In 1972 wurde der Gemeindename Einersheim amtlich in Markt Einersheim geändert. Die Gemeinde gehört  heute in der Verwaltung zu Iphofen. Mit der Ansiedlung von zunächst 3 Großbetrieben vollzog sich ein wirtschaftlicher Wandel. Die Landwirtschaft trat immer mehr in den Hintergrund. Das Werk der Knauf-Gruppe entstand. Zahlreiche weitere Unternehmen siedelten sich an. Der Weinbau am Schlossberg spielt aber weiterhin eine Rolle.

Schwanberg

Der Schwanberg ist die markanteste Erhebung (474 m) im Steigerwald. Bekannt ist der Berg vor allem durch seine exponierte Lage, das weithin sichtbare Schloss mit der dazugehörigen Parkanlage, die evangelische Schwesterngemeinschaft Communität Casteller Ring mit ihrer Ordenskirche St. Michael und ihrem Ordenshaus, sowie das damit verbundene Geistliche Zentrum Schwanberg.

Die unteren Hänge des Schwanberg sind vollständig von Weinbergen überzogen; am Fuß des Schwanbergs befinden sich die bekannten fränkischen Weinbauorte Castell, Großlangheim, Iphofen, Markt Einersheim, Rödelsee und Wiesenbronn.
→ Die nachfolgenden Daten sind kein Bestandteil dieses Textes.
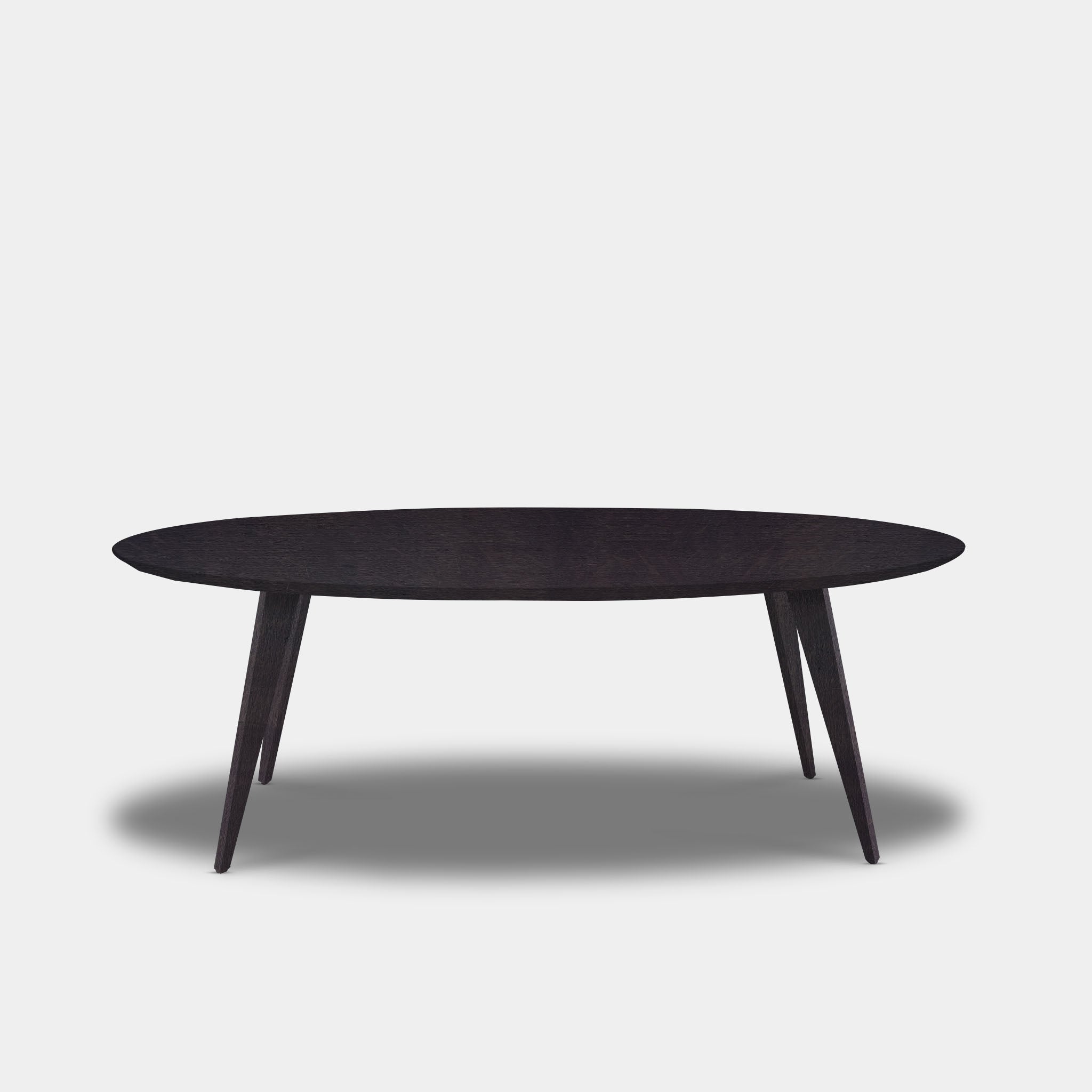 This atmospheric oval table, crafted from solid oak and finished in the deep, warm Night Glow color, exudes elegance, character, and craftsmanship. Its flowing, rounded shape gives the table a soft, inviting appearance, while the robust, solid wood base, spray-painted in the same color, creates a strong and harmonious whole.
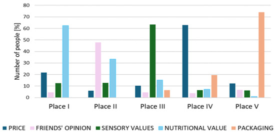 In analysing the factors determining the choice of plant-based beverages, a ranking method (five-point scale, I place the most important factor, V place the least important factor) was used for the following responses: price, ingredients, friends’ opinions, sensory qualities, packaging, and others. An open-ended question, “other,” was used to allow for the possibility of identifying other decisive factors when choosing products from this group.
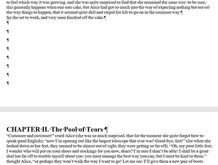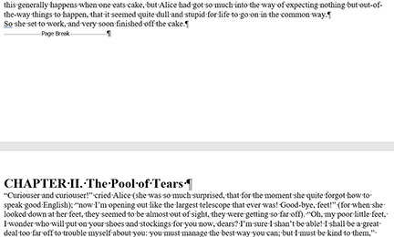 Note that there is no longer a string of Paragraph Marks There is a single code indicating a page break. Edits in Chapter I will not change where the page break to Chapter II occurs and Chapter II will always start at the top of a new page.
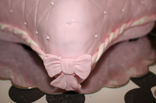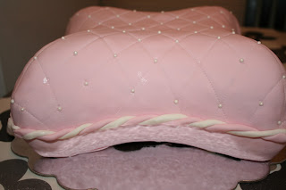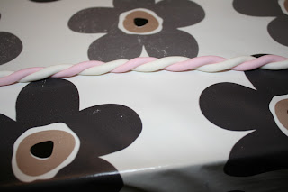 I hvert hjørne ville jeg ha en sløyfe og da er det veldig praktisk med en sånn silikon form. Denne får du kjøpt på www.kakeboksen.no
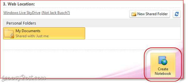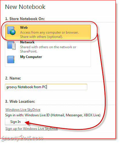 Đặt tên cho phần Notebook này, sau đó nhấn Sign In ở bên dưới Web Location. Khi hệ thống yêu cầu đăng nhập, các bạn hãy điền thông tin của tài khoản Windows Live ID:

Das Schloss Schwanberg wurde 1911 von Alexander Graf von Castell–Rüdenhausen gekauft. Er hatte 1898 Ottilie von Faber, der Erbin des Bleistiftfabrikanten Faber aus Stein bei Nürnberg, geheiratet und damit den Firmennamen Faber-Castell begründet.

Der einzigartige Schlosspark wurde von 1919 -1921 angelegt. In ihm waren auch Versuchspflanzungen mit Baumarten für Bleistiftholz. Er gehört zur jüngeren Geschichte der Gartenkunst und nimmt mit seiner Gestaltung eine Sonderstellung ein.

Castell: Die besondere Bedeutung Castells ist darin begründet, dass es bis 1806 die Hauptstadt der reichsunmittelbaren Grafschaft Castell war. In der wechselvollen Geschichte wurde nach dem Bauernkrieg das Castell´sche Schloss auf dem Schlossberg wieder aufgebaut, dagegen die Burg auf dem Herrenberg blieb dagegen eine Ruine und ist auch heute nicht mehr zu sehen.

Castell ist der Stammsitz der Fürsten zu Castell-Castell. Zum Fürstenhaus gehören die Fürstlich Castell´sche Bank, Credit – Case AG, die bis in das Jahr 1774 zurückgeht und damit die älteste Bank Bayerns ist, Forstbetriebe und das Fürstlich Castell´sche Domänenamt (Weinbau).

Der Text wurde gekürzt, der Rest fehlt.